La question environnementale est de plus en plus ressentie et partagée à tous les niveaux, et il devient de plus en plus évident que la mise en œuvre de réseaux de distribution personnalisés pour chaque habitant de la planète a potentiellement un impact dramatique, compte tenu des technologies actuellement utilisées par les entreprises, sur la quantité d’émissions polluantes nécessaires à l’approvisionnement mondial.
À tous les niveaux, il est devenu indispensable de prendre des mesures pour limiter l’impact environnemental des modes de vie. Les gouvernements interviennent en définissant des objectifs ambitieux de décarbonation, les entreprises agissent à travers des initiatives de greenwashing ou en investissant dans des technologies et des solutions toujours plus durables, et les consommateurs modifient leurs habitudes, comprenant comment de petites différences, à grande échelle, peuvent entraîner des bénéfices décisifs, et orientent leurs achats vers les entreprises les plus vertueuses.
Si les consommateurs déclarent (et prouvent) être de plus en plus disposés à faire de petites et grandes concessions pour réduire leur propre impact environnemental (réduction du nombre et des modalités des douches hebdomadaires, renoncement à des biens jusqu’il y a peu considérés comme indispensables, tels que la possession d’une ou plusieurs voitures), il semble difficile d’imaginer que cette tendance n’aboutisse pas à remettre en question l’exigence d’une livraison aussi rapide.
Le post-Covid : un moment critique pour le modèle
La pandémie et ses effets se sont désormais estompés, mais les pressions sur les chaînes d’approvisionnement ne se sont pas relâchées. La guerre en Ukraine a attiré l’attention également sous cet angle, et les effets des politiques de soutien nécessaires durant la période pandémique commencent à se manifester sur le plan économique. L’inflation et l’augmentation des coûts d’approvisionnement énergétique exercent une pression sans précédent à l’ère moderne sur la civilisation occidentale, et il est légitime de s’attendre à ce que ces facteurs influencent la capacité des consommateurs à dépenser.

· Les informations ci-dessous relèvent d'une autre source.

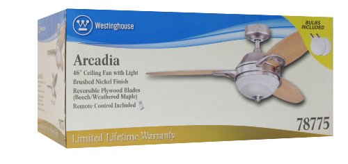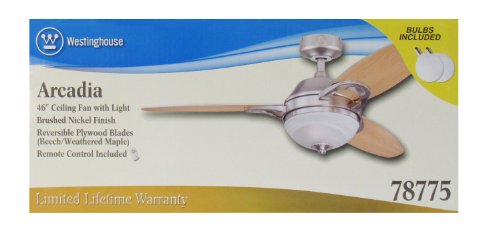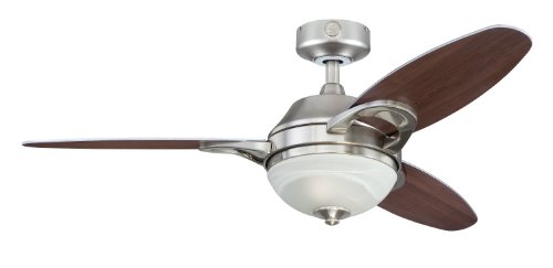 Two-light 46-inch reversible three-blade indoor ceiling fan for rooms up to 144 square feet (12 by 12 feet)
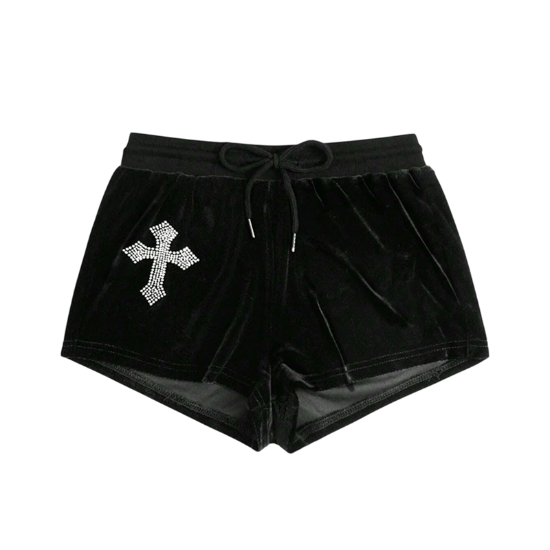 Pantaloni scurți strălucitori și strâmți pentru femei, cu șnur, sport, cu model de cruce cu diamant, elastici, pentru vară

Sur le marché américain, des signes de crise du modèle de “logistique en tant que service” commencent à apparaître, et les données montrent une diminution de la disposition des consommateurs à souscrire à des abonnements “premium” pour la livraison prioritaire des produits commandés. Après tout, à l’exception des biens répondant à des besoins essentiels, la différence entre une livraison prioritaire et une livraison ordinaire n’a, dans la plupart des cas, pas d’impact significatif sur les dynamiques de consommation.
Je ne pense pas que nous soyons à l’aube d’un revirement complet. Il est plus probable que la logistique du futur proche, comme cela a toujours été le cas, priorisera la réduction de ses coûts, la simplification de ses processus et la diminution de sa consommation, à la fois pour des raisons environnementales et pour atteindre une plus grande efficacité économique.
Dans le même temps, elle continuera certainement à viser la prestation d’un service aussi performant que possible, bien que je pense que cet objectif deviendra de plus en plus subordonné à la maîtrise des coûts et à la rationalisation des ressources investies.
L’innovation technologique devient l’élément caractéristique des principaux acteurs du secteur, les transformant en moteurs pour les entreprises de second plan. Ces dernières seront de plus en plus employées uniquement pour des renforts (externalisés) nécessaires lors des périodes de pointe, et elles devront s’adapter pour interagir avec les systèmes adoptés par leurs donneurs d’ordres.
Les critères d’efficacité sont aujourd’hui poursuivis grâce à l’optimisation des itinéraires, au partage des volumes et à la consolidation de différentes catégories de marchandises. L’organisation et la planification des transports sont de plus en plus partagées entre différentes entreprises (y compris entre concurrents du même secteur) et varient de plus en plus selon qu’il s’agisse de transports depuis et vers les centres de distribution, de la grande ou petite distribution, ou des livraisons du dernier kilomètre.